Trump Administration Proposes Governmentwide NDAs For Federal Workers To Curb Leaks
Key Takeaways
- OPM posted a draft government-wide NDA in the Federal Register for all employees.
- Aims to curb leaks by restricting sharing of confidential government information.
- Covers both new hires and existing staff across federal agencies.
OPM NDA Proposal
The Trump administration is proposing a government-wide nondisclosure agreement for federal workers, with the Office of Personnel Management posting a draft notice to the Federal Register on Tuesday and scheduling it for publication on Wednesday.
“The Trump administration is proposing that all new and current federal employees sign non-disclosure agreements as part of its crackdown on press leaks”

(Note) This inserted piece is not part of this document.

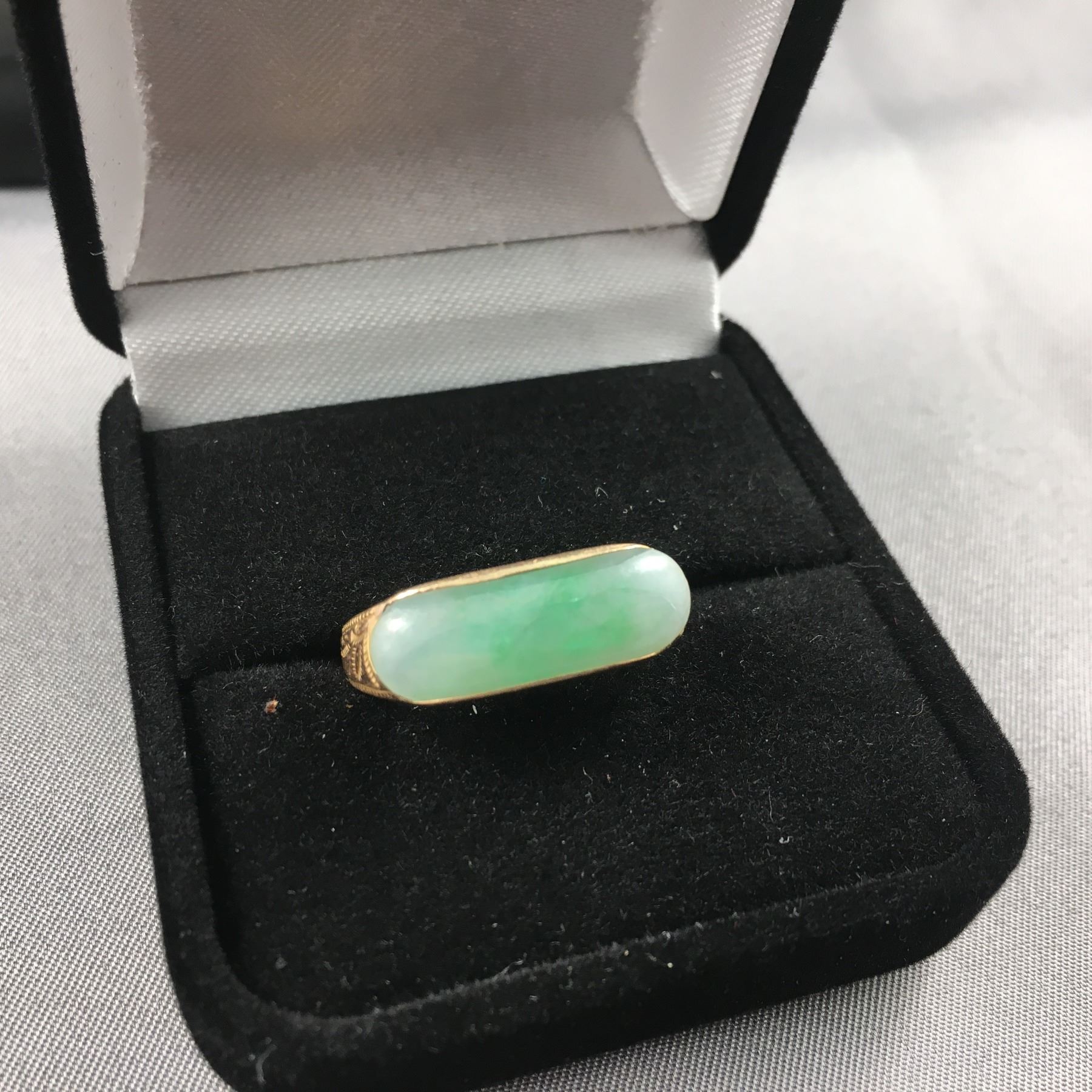 2 PIECES TTL. 1 - 22-24KT YELLOW GOLD CABLE LINK CHAIN, WEIGHS 19.20 GRAMS, 49CM LONG, REPL VALUE $2,400.00. 1 - 14KT YELLOW GOLD NATURAL BURMESE JADEITE SADDLE STYLE LADIES OR GENTS RING. 1 OVAL SHAPED SADDLE STYLE NATURAL BURMESE JADEITE, COLOUR LIGHT GREEN MOTTLING ON A CREAM BACKGROUND, TRANSPARENCY SEMI OPAQUE, WEIGHS 5.10 GRAMS, REPL VALUE $850.00

The OPM notice says the NDA would be intended to document federal employees’ “acknowledgment of, and agreement to comply with, current legal obligations to safeguard non-public, confidential, or proprietary information,” while “expressly preserving the right to make disclosures authorized by law.”
The draft also says violations could bring civil and criminal penalties, and it cites “unauthorized disclosures” to the media, including reporting last year about OPM’s efforts to make it easier to fire government employees.

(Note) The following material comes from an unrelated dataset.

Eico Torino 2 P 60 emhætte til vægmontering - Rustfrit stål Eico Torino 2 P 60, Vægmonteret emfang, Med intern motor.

NBC News reports that the notice says agencies would have discretion whether to use the NDA, and it would be administered to newly hired employees as part of onboarding and to current federal employees.
The proposal is framed as a crackdown on leaks, with OPM asserting the NDA is needed to combat “unauthorized disclosures” to the media and to prevent “chilling candid interagency feedback” and “weakening trust within and among Federal agencies.”
Union and Legal Pushback
The American Federation of Government Employees says it will oppose the move, with Everett Kelley calling it a continuation of OPM’s “efforts to silence federal employees.”
Kelley warned in a statement that “OPM will pressure agencies to make the NDA mandatory and then fire employees who refuse to sign it,” while also arguing that “Federal employees do not surrender their First Amendment rights when they accept federal employment.”

Mark Zaid, the Washington, D.C.-based attorney who co-founded Whistleblower Aid, told NBC News that the language in the proposed NDA “would not create any new legal obligations for federal employees,” but he said it would likely serve to “induce fear and intimidate the workforce.”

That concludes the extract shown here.